Il demanda ça sur un ton ironique, mais regardant quand même Stefano d'un air interrogatif. Parce que oui, c'était lui qui était apparu de nulle part, derrière Matthew, le faisant un peu sursauter, il n'allait pas le cacher. Il ne se demanda même pas ce qu'il faisait là, il aurait même dû s'y attendre. Bien sûr que l'artiste qu'il était passait sa vie à arpenter la galerie d'art, jugeant à son tour de manière plus ou moins constructive les autres oeuvres de ses "confrères". Alors c'était sûr qu'avec la nouvelle exposition, il serait là.

Celui qui l'aurait moins été par contre, c'était évidemment Matthew. Mais seul lui savait pourquoi il était là, et il n'aurait pas pu lui dire que c'est parce qu'il le suspectait d'être un tueur en série et qu'il enquêtait donc à sa manière. Un peu particulière, certes, mais c'était la seule qu'il avait trouvée. Il n'était pas policier, aux dernières nouvelles.

-Tu as deviné ? lui répondit alors Stefano sur le même ton ironique.

Ils n'auraient pas pu s'empêcher de blaguer dans n'importe quelle situation, évidemment. Être sérieux demandait visiblement trop d'efforts.

-Non, plus sérieusement, j'avais juste envie de voir ce que ça donnait.

Il devait trouver une excuse, alors celle-là semblait bien. Simple, rapide, peut-être efficace. De toute façon Stefano n'aurait sûrement pas pu deviner ses réelles intentions. Il l'espérait.

-Sans même m'inviter ? sembla-t-il complètement choqué, sans exagération bien sûr.

Comment Matthew avait-il pu aller voir de l'art sans lui, la personne qui s'y connaissait le "mieux" dans son entourage ? Son ego en prenait peut-être un coup. Il n'aurait pas pu l'entendre dire qu'en effet, son art était bien meilleur que toutes ces autres choses, ces "artistes" qui ne comprenaient rien à la vie. Et encore une fois, il pensait ça parce qu'il s'y connaissait, bien sûr. Dans sa tête, il n'y avait que Stefano Valentini pour tout connaître de la vie et de l'art. Sans aucune prétention, évidemment.

Dans tous les cas, il aimait juste entendre des compliments sur ce qu'il faisait. Il en avait besoin pour continuer, après tout.

Alors cette fois, c'est Matthew qui haussa les sourcils, l'air étonné par ses propos.

-Tu disparais pendant des jours, comment je suis censé te parler ?
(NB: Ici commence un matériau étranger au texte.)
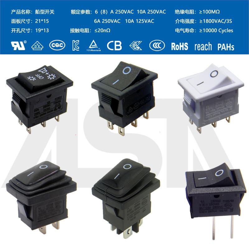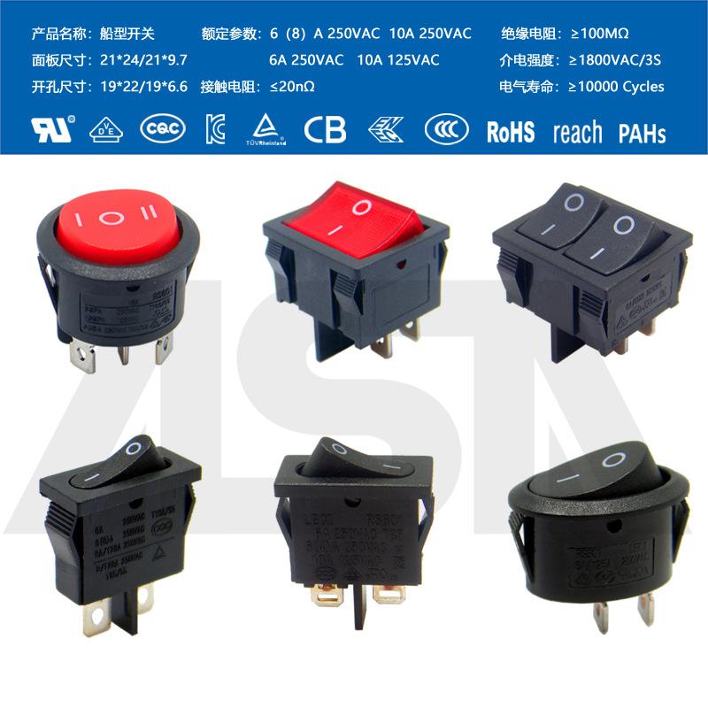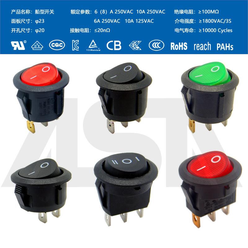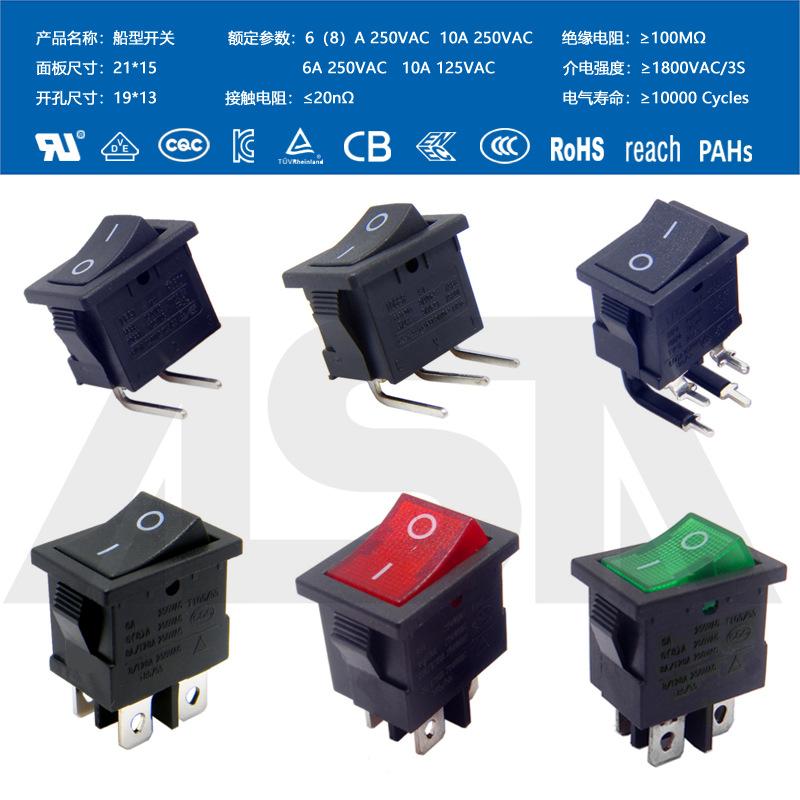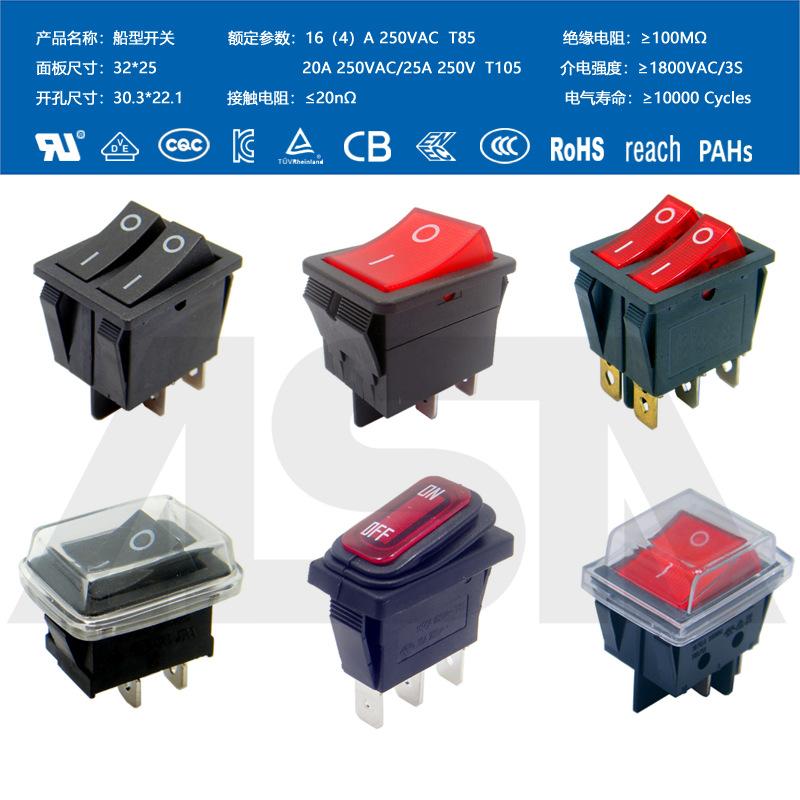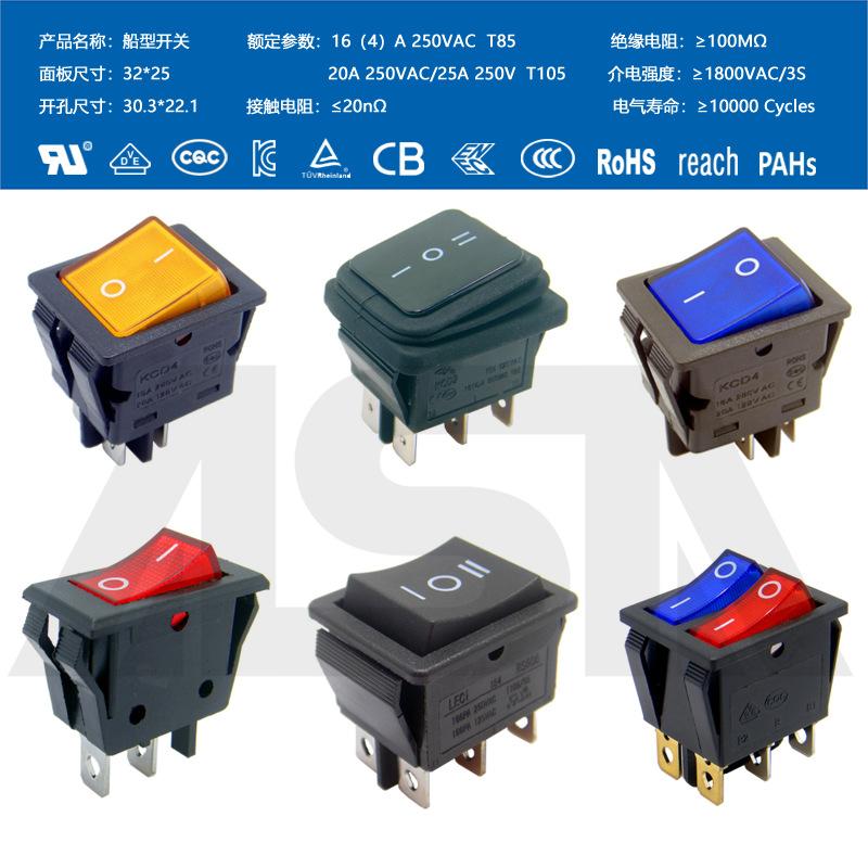 Interruptor em formato de barco com quatro pinos, 2 velocidades, à prova d'água IP65, com luz, fonte de alimentação de alta corrente, bipolar KCD4, à prova de poeira, alta potência.

Là par contre, il n'avait pas tort. C'est vrai qu'il passait de plus en plus de temps seul, pour... son art, bien sûr. Il ne devait être dérangé par personne, il devait se couper du monde pour se concentrer sur ses pensées, ses idées. Et les mettre au point. Le plus méticuleusement possible. Sinon, comment dire que ce serait très fâcheux.. Pour bien des raisons. Mais seul lui les connaissait. Alors là, il ne savait même pas quoi répondre.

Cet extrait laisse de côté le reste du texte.